Old theme is back.. finally some rest for my eyes


----------



## goobimama (Jan 2, 2008)

Yep. the individual posts need some kind of shading in the new theme. Looks really really bright on a 24" monny...


----------



## prasad_den (Jan 2, 2008)

Good that kirsch is back...!!  And reg the ads, ignore it or block it...!! 'coz its not gonna change...!! 



goobimama said:


> Yep. the individual posts need some kind of shading in the new theme. Looks really really bright on a 24" monny...


like your av....???


----------



## Chirag (Jan 2, 2008)

Come on remove ads atleast in Kirsch...


----------



## nvidia (Jan 2, 2008)

Feels great to use the old theme... 
But i like the new theme if that orange colour is changed.


----------



## dOm1naTOr (Jan 2, 2008)

plz move adds to atleast bottom of pages. i mean the very bottom. Or its gud if move those adds from forum to main page
i think siggy pics are still not workin. 
thank Kirsch is back


----------



## The_Devil_Himself (Jan 2, 2008)

too flashy!.me back to kirsch.


and yea the ads are highly annoying,place them somewhere else on one side and I promise to click them once in a while.


----------



## preshit.net (Jan 2, 2008)

Please get the bottom breadcrumb back ? Am I the only one missing it ?


----------



## blackpearl (Jan 2, 2008)

The skin isn't bad except the orange color fonts. It looks ugly.
The quick reply box now has text styling options which is good.
I don't mind the ads. Sometimes you actually get helpful links in those ads. Believe me.


----------



## gary4gar (Jan 2, 2008)

whats this box above the quick reply ??


----------



## abhi_10_20 (Jan 2, 2008)

dashed lines around ads $uck..  theme's quite ok.


----------



## The_Devil_Himself (Jan 2, 2008)

digit used to be the fastest forums around with almost no loading time,but now it is taking quite a lot of time to load pages!.WTH?
Is it duo to these ads?


----------



## als2 (Jan 2, 2008)

previous one was better

but old theme is back so no problem for me


----------



## prasad_den (Jan 2, 2008)

@gary: going by what others say, probably ads in that box... But even I see only the box, 'coz I use Opera with urlfilter..!


----------



## Sukhdeep Singh (Jan 2, 2008)

Atleast ads are gone on Kirsch  Now all that is left is that blue box with dashed border


----------



## nish_higher (Jan 2, 2008)

^no they are still there.are ads really necessary???


----------



## dOm1naTOr (Jan 2, 2008)

There is still adds inside those dashed box. r u guys uson ad muncher or somethin?


----------



## DigitalDude (Jan 2, 2008)

phew!!

I'm back to kirsch 





_


----------



## vaibhavtek (Jan 2, 2008)

nice 1

but admins remove ads


----------



## Voldy (Jan 2, 2008)

looks good !!!


----------



## shady_inc (Jan 2, 2008)

Looks pretty good.!!Tad too bright, I must say.
Also regarding ads, I think they should only be visible to the guests and not registered members.


----------



## Faun (Jan 2, 2008)

nice skin


----------



## dissel (Jan 2, 2008)

Nice...


----------



## shady_inc (Jan 2, 2008)

Damn.!!The calendar has been disabled.


----------



## praka123 (Jan 2, 2008)

within the first 5 minutes am accustomed with this new theme!though i liked that old Dag-something theme in phpbb when digit used to run on it! 

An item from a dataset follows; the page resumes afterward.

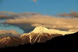 The Illgraben catchment extends from the summit of the Illhorn to the Rhone at an elevation of 610m, and experiences debris flows and mud slides several times annually.[2][3] The largest recorded debris flow in the valley occurred in June 1961, and had a volume of several hundred thousand cubic metres. A warning system gives alert signals 5–15 minutes before the arrival of debris flows at channel crossings.[4] The area is a popular hiking spot and these geomorphological processes are visible most years.[5]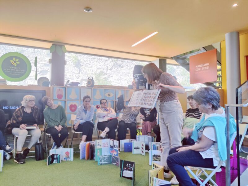 Insieme a 25 partecipanti, in particolare maestre dell’infanzia e insegnati della primaria, entriamo e usciamo da una giungla di libri illustrati di tutti i generi, da tutto il mondo e per tutte le età per scoprire il margine in cui si gioca la nostra relazione di vicinanza / lontananza con le immagini, esplorando dove vorremmo andare con la nostra immaginazione e ciò che avvertiamo come ostacolo e ci tiene a distanza.

to all who are bashing new theme,take some time and u will not move to kirsch or any other theme later!
a good selection by digit team!


----------



## Lakshmi kanth (Jan 2, 2008)

Previous skin is much better.......in this its only highlighting the name....and from all .DIM colors


----------



## Faun (Jan 2, 2008)

praka123 said:


> within the first 5 minutes am accustomed with this new theme!though i liked that old Dag-something theme in phpbb when digit used to run on it!
> 
> to all who are bashing new theme,take some time and u will not move to kirsch or any other theme later!
> a good selection by digit team!


yeah the theme looks fine except for the sheer whiteness (eyes hurts).
And dropping down the brightness is not the solution, other apps suffer


----------



## utsav (Jan 2, 2008)

They hav added ads but not adding features like more pms storage.this is bad


----------



## praka123 (Jan 2, 2008)

till now the front page shows the site is owned by *jasubhai&co* so is the info true@admins


----------



## xbonez (Jan 2, 2008)

naya theme chalega, not so bad


----------



## Pathik (Jan 2, 2008)

Yucckkk.. The Ad Integration is also very bad.
Edit: Kirsch 367 Fluid looks good.


----------



## Rockstar11 (Jan 2, 2008)

ads  <<<<


----------



## Pathik (Jan 2, 2008)

Keep the Ads at the extreme bottom. and below the Digit LOGO. anywhere else it looks irritating..


----------



## vivekrules (Jan 2, 2008)

ITz. Seemzz u Copy Any other Forumzz.. de old one was good caz it was simple .....


----------



## zyberboy (Jan 2, 2008)

T159 said:


> yeah the theme looks fine except for the sheer whiteness (eyes hurts).
> And dropping down the brightness is not the solution, other apps suffer


use FF+grease monkey for that....i am using it, digit forum is in grey color for me.


----------



## goobimama (Jan 2, 2008)

One should not have to resort to using FF and greasemonkey to view a web page. It is the job of the web admin to present the page in the way he seems fit to be viewed.


----------



## MetalheadGautham (Jan 2, 2008)

ugly to the eXtreme


----------



## gary4gar (Jan 2, 2008)

Please remove the Pm status header on top
the button size is quite small( like edit,quote reply), please increase( ATM i am zooming the pages)


----------



## din (Jan 2, 2008)

Didn't like the theme at all, ornage and blue not a good combination at all 

Anyway hope Fatbeing make it ok as promised.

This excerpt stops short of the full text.